Data items:
################

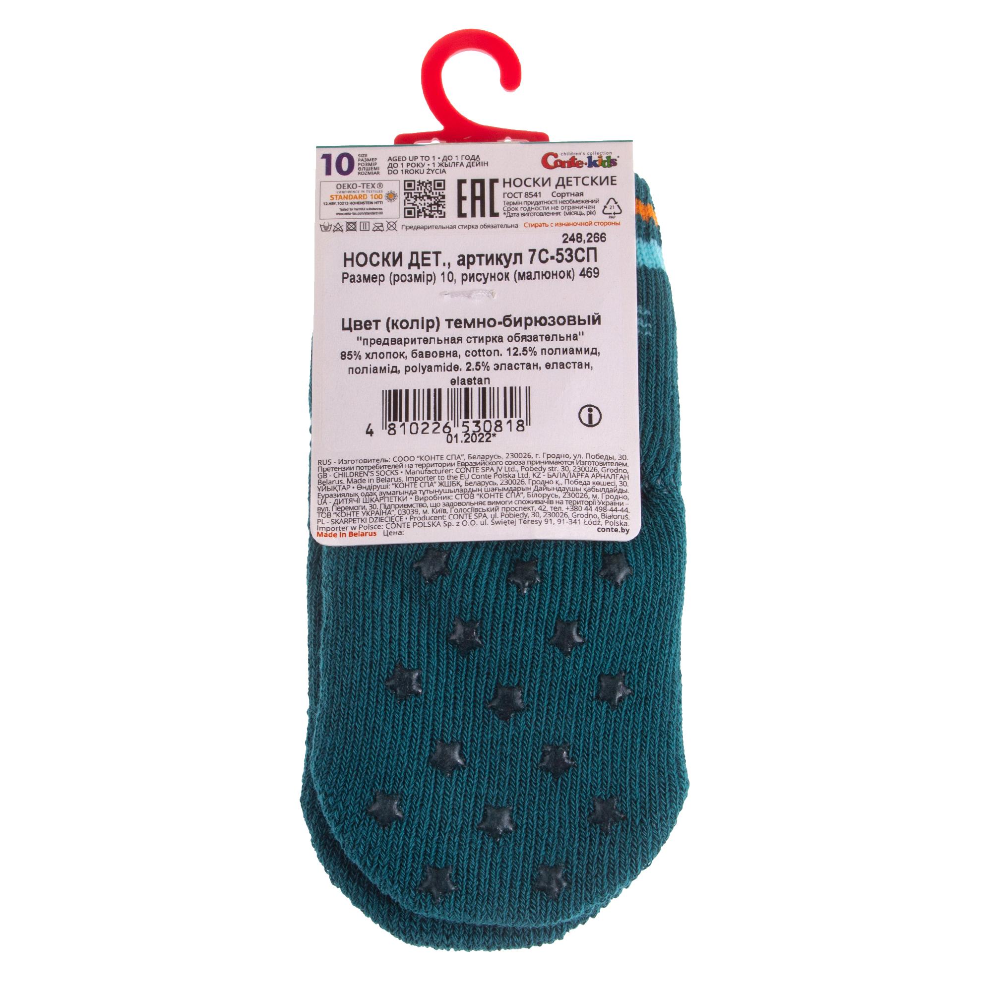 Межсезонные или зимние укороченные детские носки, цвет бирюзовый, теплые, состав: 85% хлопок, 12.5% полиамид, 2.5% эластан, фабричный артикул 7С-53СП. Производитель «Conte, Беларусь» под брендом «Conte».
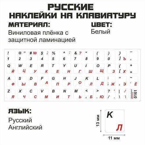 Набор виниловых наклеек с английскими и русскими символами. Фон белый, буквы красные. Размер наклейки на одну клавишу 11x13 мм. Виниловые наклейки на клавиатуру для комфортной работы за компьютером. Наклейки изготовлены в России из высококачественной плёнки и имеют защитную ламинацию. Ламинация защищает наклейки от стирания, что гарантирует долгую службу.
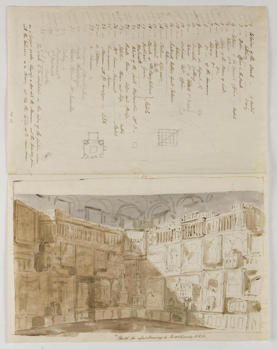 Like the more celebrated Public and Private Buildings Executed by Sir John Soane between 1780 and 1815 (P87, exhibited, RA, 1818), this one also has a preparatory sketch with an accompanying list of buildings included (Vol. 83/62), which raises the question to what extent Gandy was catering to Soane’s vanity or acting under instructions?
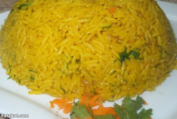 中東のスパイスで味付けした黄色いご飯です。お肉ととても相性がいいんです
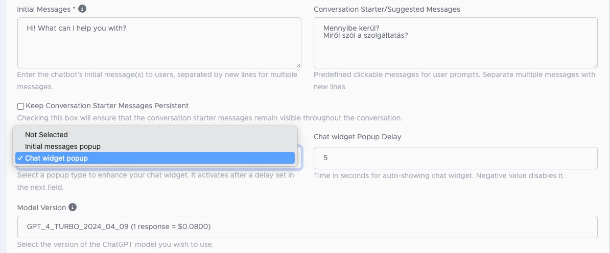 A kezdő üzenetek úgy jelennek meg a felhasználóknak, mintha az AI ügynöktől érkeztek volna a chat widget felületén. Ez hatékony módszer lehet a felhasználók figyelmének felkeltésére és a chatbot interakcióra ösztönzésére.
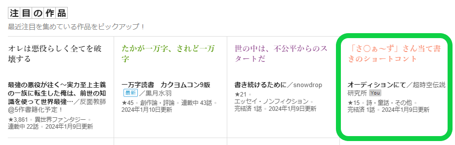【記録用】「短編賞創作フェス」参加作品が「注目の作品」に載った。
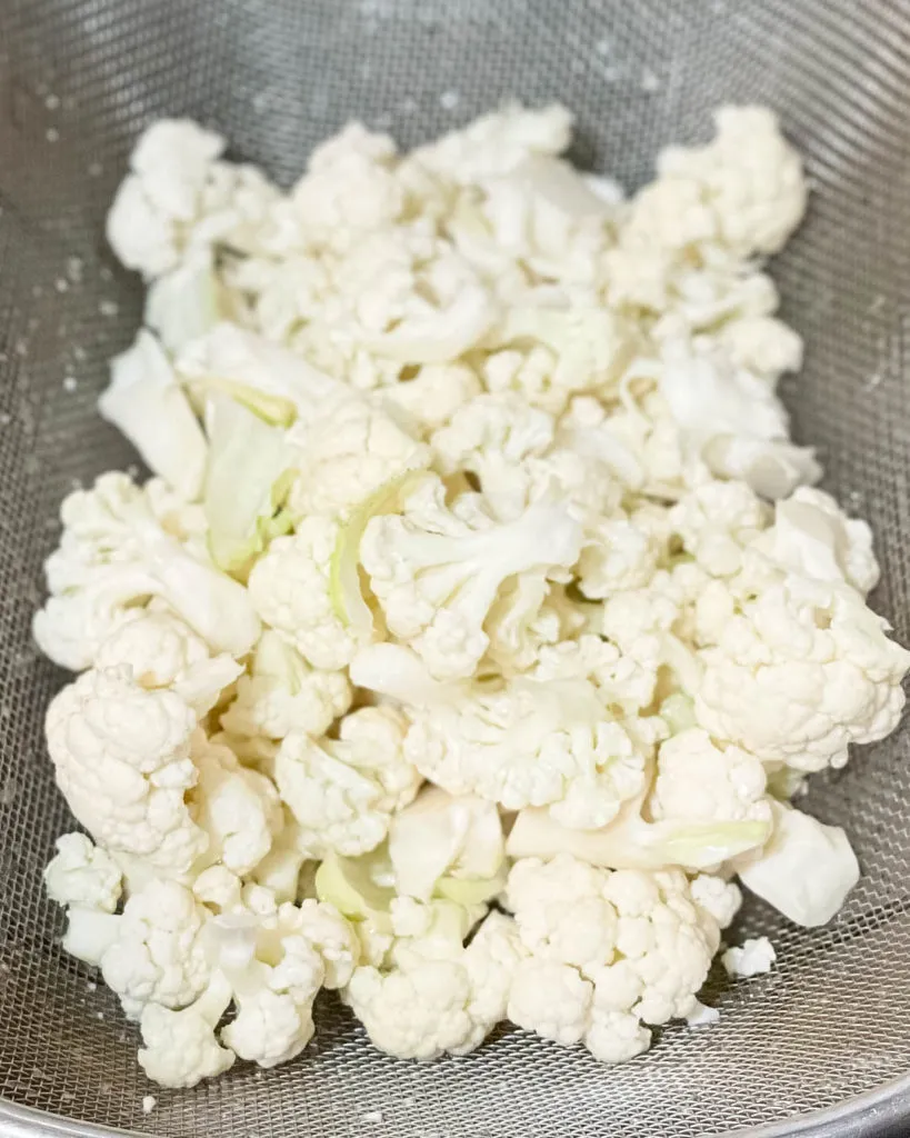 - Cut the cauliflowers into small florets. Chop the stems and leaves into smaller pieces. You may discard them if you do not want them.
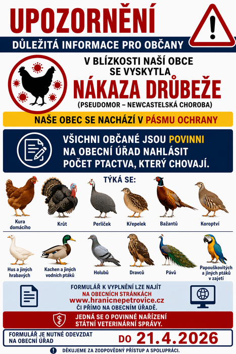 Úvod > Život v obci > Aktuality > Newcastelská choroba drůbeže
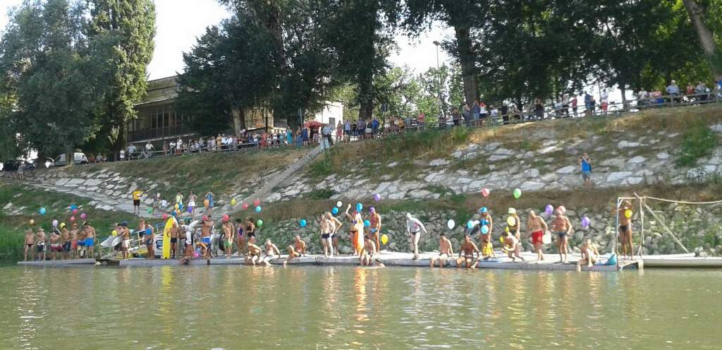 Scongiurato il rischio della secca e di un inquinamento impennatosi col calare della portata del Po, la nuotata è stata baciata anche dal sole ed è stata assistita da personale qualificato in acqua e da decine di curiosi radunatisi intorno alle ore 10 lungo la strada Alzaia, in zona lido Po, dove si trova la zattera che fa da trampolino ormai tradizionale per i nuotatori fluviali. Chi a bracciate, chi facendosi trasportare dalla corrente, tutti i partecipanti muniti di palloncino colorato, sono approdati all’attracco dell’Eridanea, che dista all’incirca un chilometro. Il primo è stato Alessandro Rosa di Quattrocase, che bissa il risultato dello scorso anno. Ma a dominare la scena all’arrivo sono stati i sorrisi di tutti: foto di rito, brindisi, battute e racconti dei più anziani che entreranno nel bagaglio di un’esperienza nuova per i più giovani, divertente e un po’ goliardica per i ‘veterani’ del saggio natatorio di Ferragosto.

################

Output exactly the lines above, from the line with "中東のスパイスで味付けした黄色いご飯です。お肉ととても相性がいいんです" to the line with "Úvod > Život", both included; skip the pictures.

 中東のスパイスで味付けした黄色いご飯です。お肉ととても相性がいいんです
 A kezdő üzenetek úgy jelennek meg a felhasználóknak, mintha az AI ügynöktől érkeztek volna a chat widget felületén. Ez hatékony módszer lehet a felhasználók figyelmének felkeltésére és a chatbot interakcióra ösztönzésére.
【記録用】「短編賞創作フェス」参加作品が「注目の作品」に載った。
 - Cut the cauliflowers into small florets. Chop the stems and leaves into smaller pieces. You may discard them if you do not want them.
 Úvod > Život v obci > Aktuality > Newcastelská choroba drůbeže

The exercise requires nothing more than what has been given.